Remedies – Nance – Spring 15

Chapter 1- Intro

1. The Role of Remedies

a. Defined

i. A remedy is anything a court can do for a litigant who has been wronged or is about to be wronged

b. 2 most common remedies

i. Damages – judgments that Ps are entitled to collected sums of money from Ds

ii. Injunctions- orders to Ds to refrain from their wrongful conduct or undo its consequences

c. Remedies law falls between procedure and primary substantive rights

i. Remedies give meaning to obligations imposed by the rest of the substantive law

ii. Type of remedy you are seeking determines how about you try the case

iii. O discovers N claims the trees in O’s forest. Remedies law doesn’t determine who owns the land or theft/trespass, but what happens when there is trespass/theft

2. Classifying Remedies – Types

a. Compensatory remedies

i. Designed to compensate Ps for harm they have suffered

ii. Compensatory damages – a sum of money designed to make P as well off as he would have been if he never had been wronged

b. Preventative remedies

i. Designed to prevent harm before it happens, so compensation never arises

ii. 2 forms

1. Coercive remedies

a. Injunction – court orders X to do or refrain from doing a specific thing

i. Specific performance decree- specialized injunction ordering X to perform contract

b. If D violates court order, they are guilty of contempt

2. Declaratory remedies

a. Authoritatively resolves disputes about the parties’ rights but they do not end in a personal command to D

b. These prevent harm to the litigants by resolving uncertainty about their rights before either side is harmed by erroneously relying on its own view of the matter

c. Restitutionary remedies

i. Designed to restore to P all that D gained at Ps expense

ii. Sometimes identical to compensation

d. Punitive remedies

i. Designed to punish wrongdoers

ii. Some statutes provides a minimum recovery in excess of actual damages

e. Ancillary remedies

i. Designed in aid of other remedies

ii. Costs/attorney’s fees, contempt, collection of judgment

iii. Means of enforcing the primary remedy against a recalcitrant D or securing the possibility of later enforcement when recalcitrant is expected

3. 2 other ways to categorize – Substitutionary and Specific Remedies

a. Substitutionary

i. P suffers harm and receives a sum of money

ii. Compensatory damages, attorneys fees, punitive damages

b. Specific

i. Seeks to void the above exchange

ii. Prevents harm instead of compensating for it

iii. Injunctions, specific performance of contracts, restitution

4. Legal and Equitable Remedies

a. Legal

i. Compensatory and punitive damages

b. Equitable

i. Injunctions and specific performance decrees

Chapter 2 – Paying for Harm: Compensatory Damages

1. The Basic Principle – Restoring P to His Rightful Position

a. Idea is to award P compensatory damages that puts the P back in the position she would have been in but for the Ds wrong.

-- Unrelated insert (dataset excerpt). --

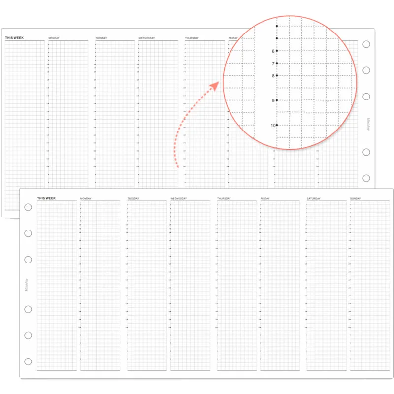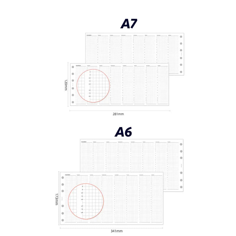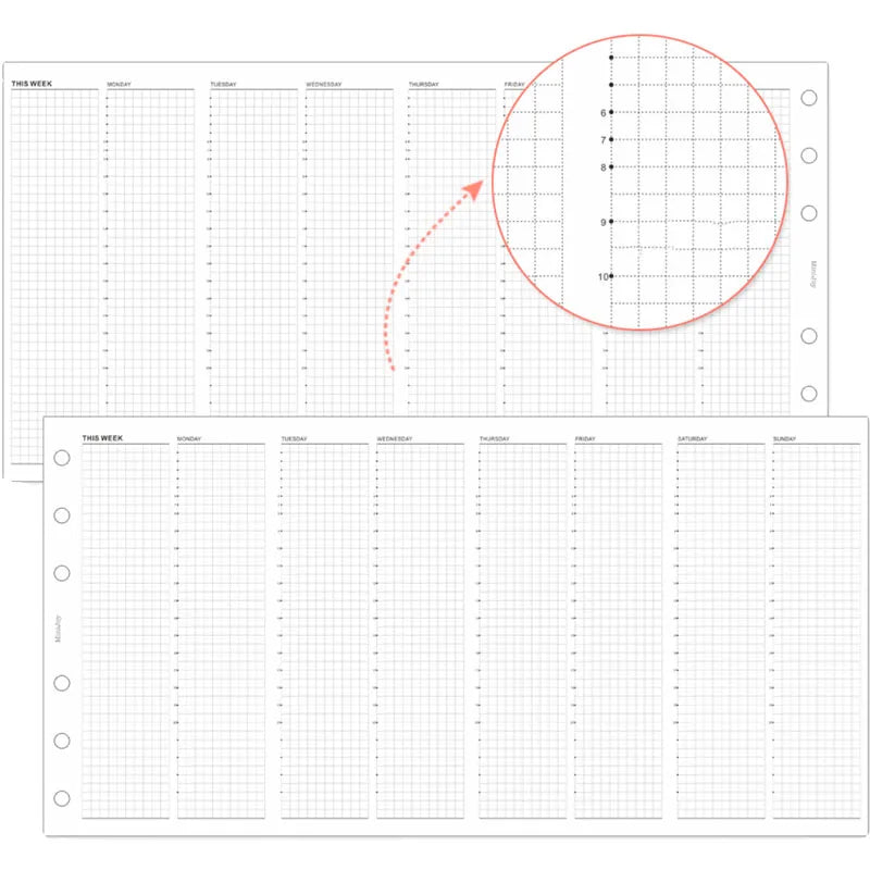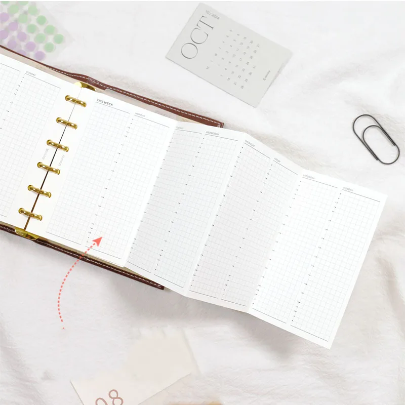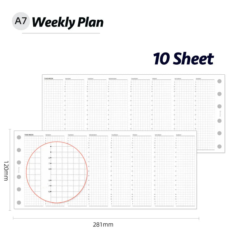 Fromthenon Weekly Plan 24 Hour A6A7 Timeline Manual Ledger Loose Leaf Paper Four Fold Replacement Core
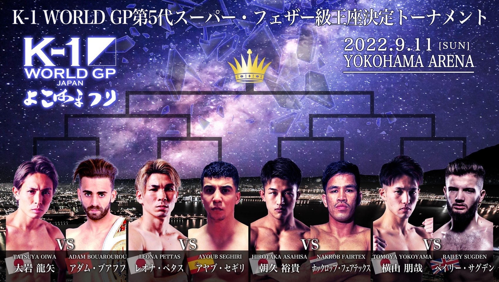 7月15日(金)都内にて、9月11日(日)神奈川・横浜アリーナで開催される「K-1 WORLD GP 2022 JAPAN~よこはまつり~」の第1弾対戦カード発表記者会見が行なわれ、先日、武尊の返上により空位となったK-1スーパー・フェザー級王座をかけた「K-1 WORLD GP第5代スーパー・フェザー級王座決定トーナメント」が決定しました。

b. Damages are compensation in money for the loss/detriment caused by the wrongful act of another

i. The act may be wrongful because it violates a prior promise (contract) or because it violates PP (tort)

ii. In theory, the amount of money awarded should equal the loss so that it would be as though the loss never occurred

c. US v Hatahley 10th Circuit 1958

i. Facts. Ps are Indians who live on lands owned by the US. The US committed the TORT of trespass/conversion by taking the Indian’s horses and selling them. The Indians horses were specifically trained to survive on the arid climate. Therefore they had a particular value to the Indians (more than market value)

ii. DC entered judgment against US for 186,017.50.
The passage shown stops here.